Disney Chairman Bob Iger Sells $98 Million of Company Shares

Disney saw a pretty successful day on Wall Street earlier this week. The entertainment giant's chairman, Bob Iger sold a stunning $98 million in shares that will ultimately go towards diversifying his portfolio for in light of his departure from the company.
Alongside its constant influx of admired content provided on its new streaming service, Disney has been making headlines by finally reopening their beloved themed parks and adding new rides and attractions.
In efforts to spruce up his portfolio before his contract wraps at the end of the year, Iger sold an impressive 550,570 shares of Disney’s stock. 537,304 of said shares were sold at the average price of $179.2, while 13,266 were sold "at an average of $179.76 each," according to the New York Post.

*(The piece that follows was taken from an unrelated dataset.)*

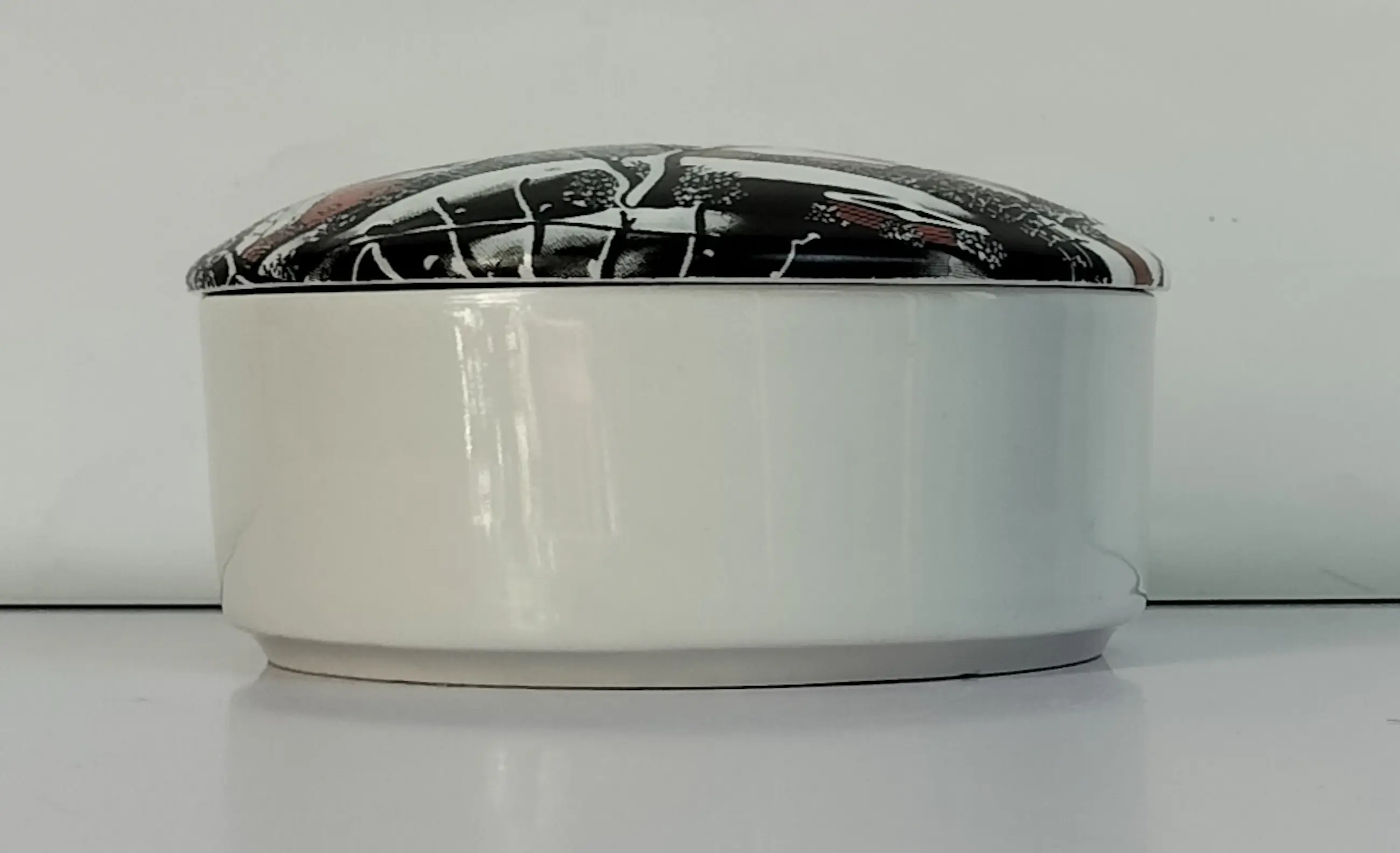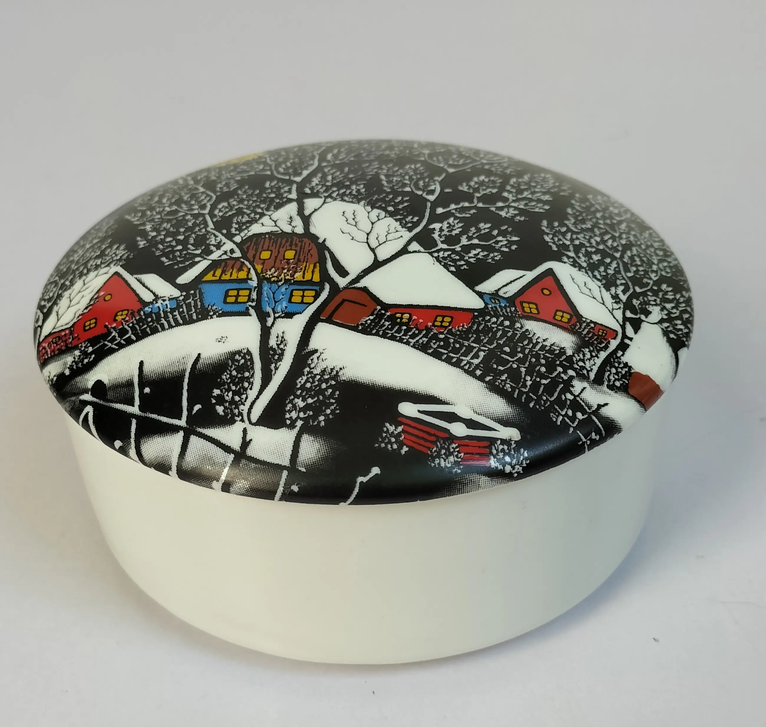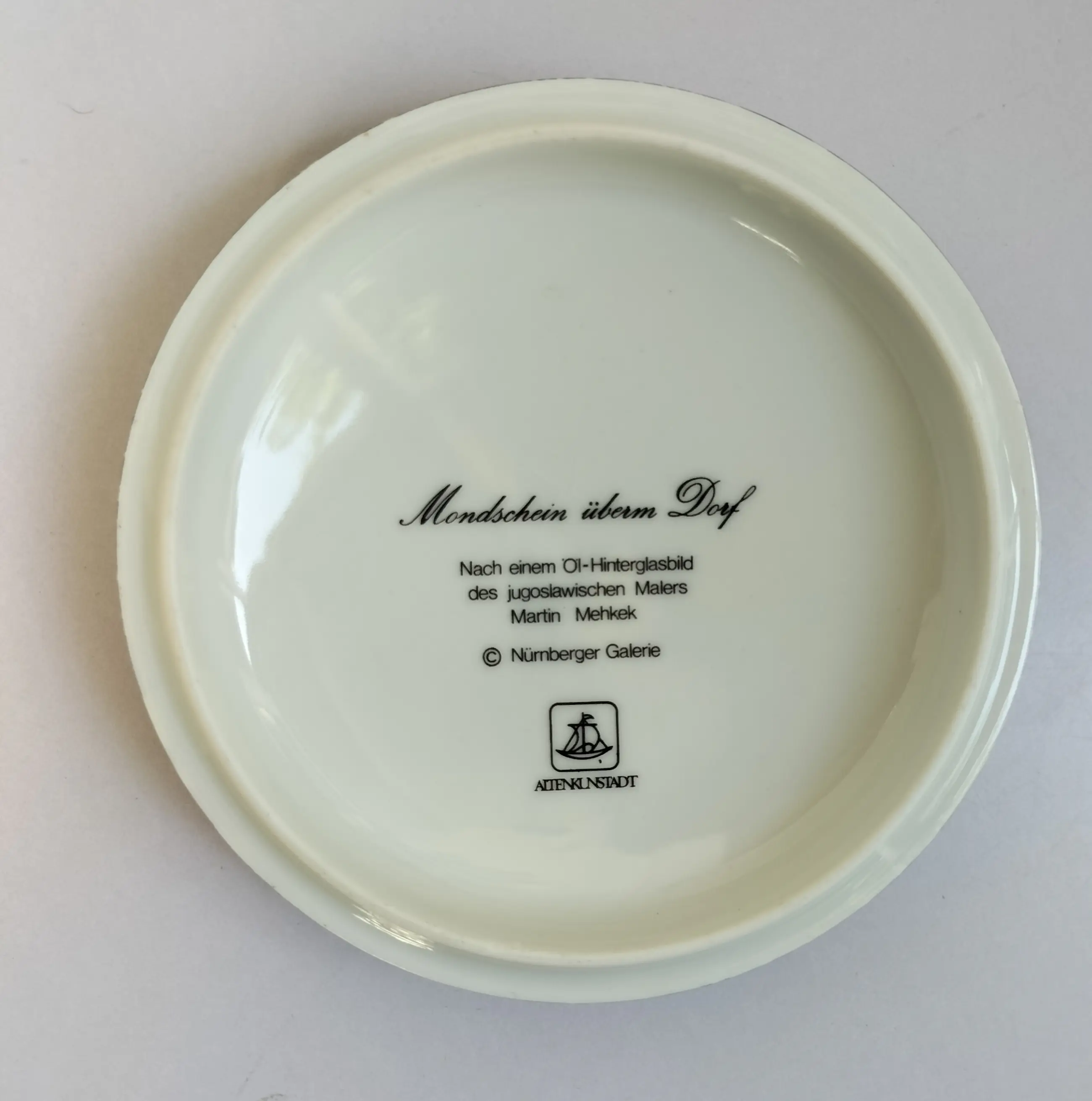 Een porseleinen of keramieken doosje met op de deksel een afbeelding van een schilderij van Martin Mehkek, een Joegoslavisch/Kroatische schilder en bekend om zijn naïeve kunst. De Nürnberger Galerie - Altenkunstadt heeft één van de schilderijen van Mehmek gebruikt ("Mondschein überm Dorf") om het deksel van dit fraaie doosje te decoreren. Martin Mehmek schilderde bij voorkeur in de winter; deze mooie afbeelding is hier een goed voorbeeld van. Het doosje is in prima staat zonder beschadigingen of chips/krassen. Aan de binnenzijde van het deksel ziet u de tekst en merkstempel. Een vrij bijzonder object, wat men niet elke dag tegenkomt. Natuurlijk wordt dit decoratieve doosje met veel zorg verpakt en verzonden.

Barron's reports that this colossal number amounts to just about 49% of Iger's stake in the company. He still obtains more than half a million of Disney's stock, with a pretty penny of those assets going into his wife and his 401ks.
"The sale is part of the diversification of Mr. Iger’s portfolio, and the value of these shares reflects the significant shareholder value generated under his leadership," a spokesperson from Disney says in a statement, "with Disney’s stock price rising from just $24 a share when he became CEO in 2005 . . . "
Iger will soon be throwing in the towel at Disney, announcing his departure earlier back in March. When he leaves his 16 year career with the company in December, he'll be passing the torch of his reign to Disney's freshly appointed CEO, Bob Chapek.
Though, the shift of power doesn't seem to be going as smoothly as one would expect. Disney's team of higher ups have found themselves struggling to become accustomed to what their new work environment will be once Iger has left Chapek in charge.
While Iger's approach of doing business relied more on negotiation and well rounded debate with his colleagues, claims from creditable inside sources shows Chapek doing more task assigning and decision making of his own volition.
Some say that Chapek is simply "coming into his own." Others, like the anonymous executive who gave a statement to Variety, claim that folks are "becoming more and more deferential to Chapek."
"Things are radically different than they were six months ago," the source goes on to say.